Data excerpts:
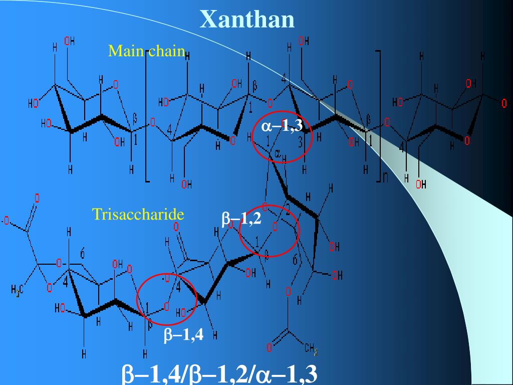 Xanthan Main chain -1,3 Trisaccharide -1,2 -1,4 -1,4/-1,2/-1,3
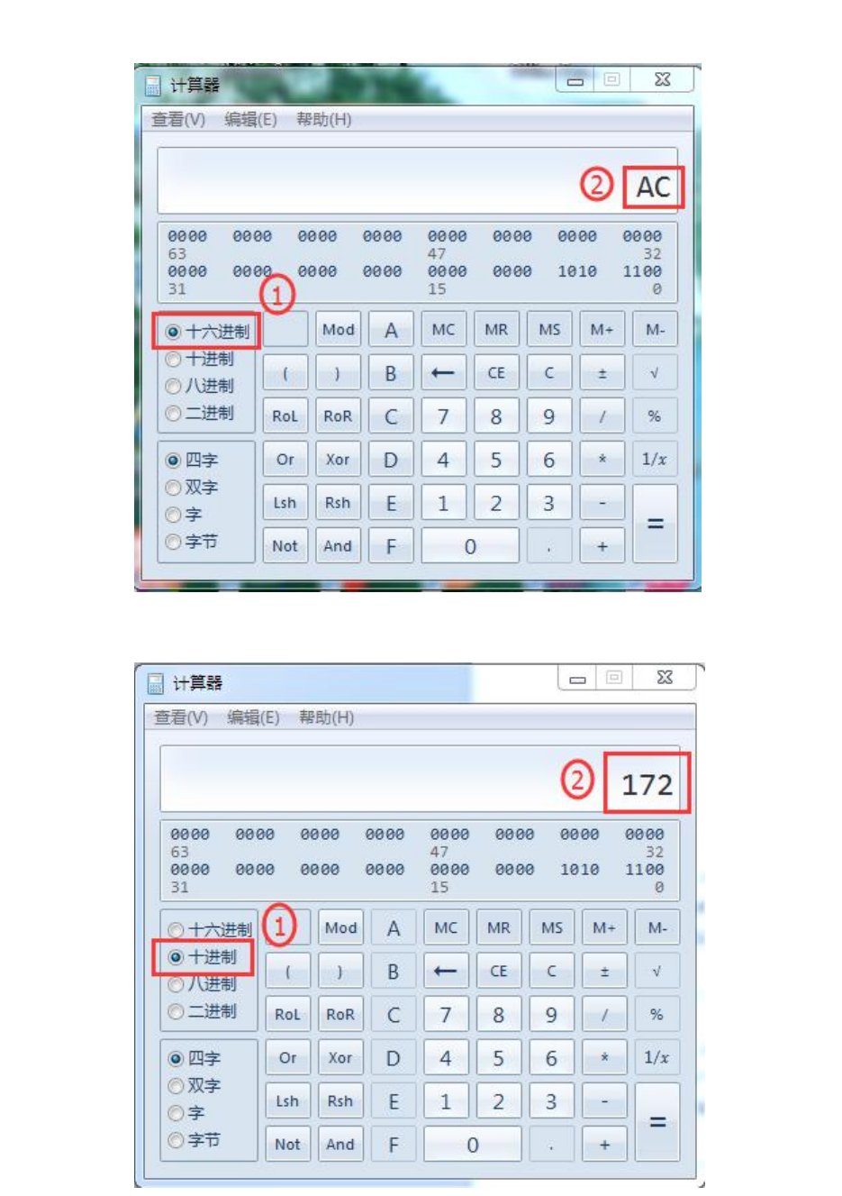 第三步:十进制转换成十六进制的方法。
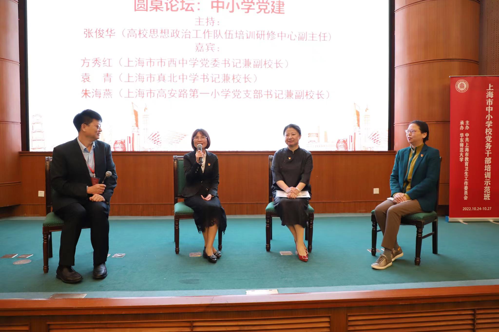 在上海市中小学校党务干部培训示范班,上海市南洋模范中学党委书记陈宏观、3245澳门新莆京附属小学党支部书记兼校长严玮懿、曹杨第二中学党委书记侯文英、西南位育中学党委书记金琪,分别分享了学校党建工作经验,以及作为基层党务工作者的心得体会。市西中学党委书记兼副校长方秀红结合实际案例,深入解读发展党员规程,并与真北中学书记兼校长袁青、高安路第一小学党支部书记兼副校长朱海燕一同围绕中小学党支部建设、党建工作与学校中心工作深度融合等主题做圆桌论坛分享。
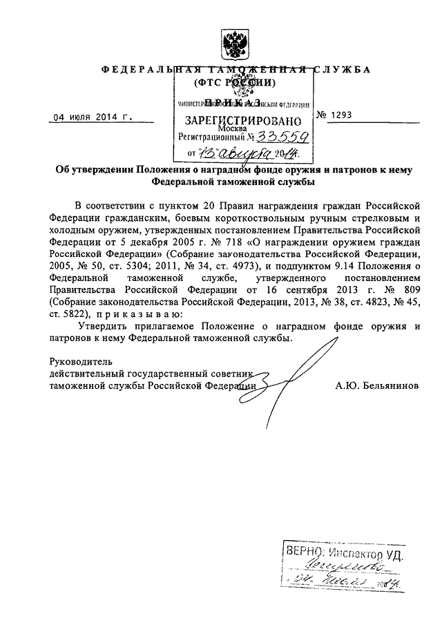 ПРИКАЗ ФТС РФ от 04.07.2014 N 1293
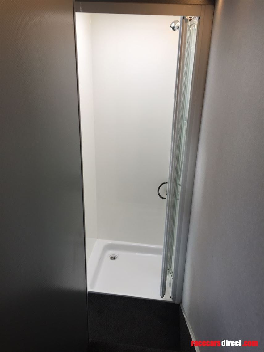 A LARGE GARAGE/WORKSHOP WHICH COULD PROBABLY TAKE 6 BIKES OR SIDE CAR OUTFIT - THIS GARAGE IS KITTED OUT WITH AMPLE STORAGE AND LOCK AWAY LOCKERS- PLENTY OF ANCHORING POINTS - ALSO COMES WITH HYDRAULIC SLIDE OUT TAIL LIFT FOR EASY LOADING - GARAGE IS RIGGED OUT READY FOR COMPRESSOR - PLENTY OF POWER POINTS.

Task objective: With the line containing "第三步:十进制转换成十六进制的方法。" as the first line and the last line of the listing as the final one, reproduce that span exactly, without pictures.

Response below:
 第三步:十进制转换成十六进制的方法。
 在上海市中小学校党务干部培训示范班,上海市南洋模范中学党委书记陈宏观、3245澳门新莆京附属小学党支部书记兼校长严玮懿、曹杨第二中学党委书记侯文英、西南位育中学党委书记金琪,分别分享了学校党建工作经验,以及作为基层党务工作者的心得体会。市西中学党委书记兼副校长方秀红结合实际案例,深入解读发展党员规程,并与真北中学书记兼校长袁青、高安路第一小学党支部书记兼副校长朱海燕一同围绕中小学党支部建设、党建工作与学校中心工作深度融合等主题做圆桌论坛分享。
 ПРИКАЗ ФТС РФ от 04.07.2014 N 1293
 A LARGE GARAGE/WORKSHOP WHICH COULD PROBABLY TAKE 6 BIKES OR SIDE CAR OUTFIT - THIS GARAGE IS KITTED OUT WITH AMPLE STORAGE AND LOCK AWAY LOCKERS- PLENTY OF ANCHORING POINTS - ALSO COMES WITH HYDRAULIC SLIDE OUT TAIL LIFT FOR EASY LOADING - GARAGE IS RIGGED OUT READY FOR COMPRESSOR - PLENTY OF POWER POINTS.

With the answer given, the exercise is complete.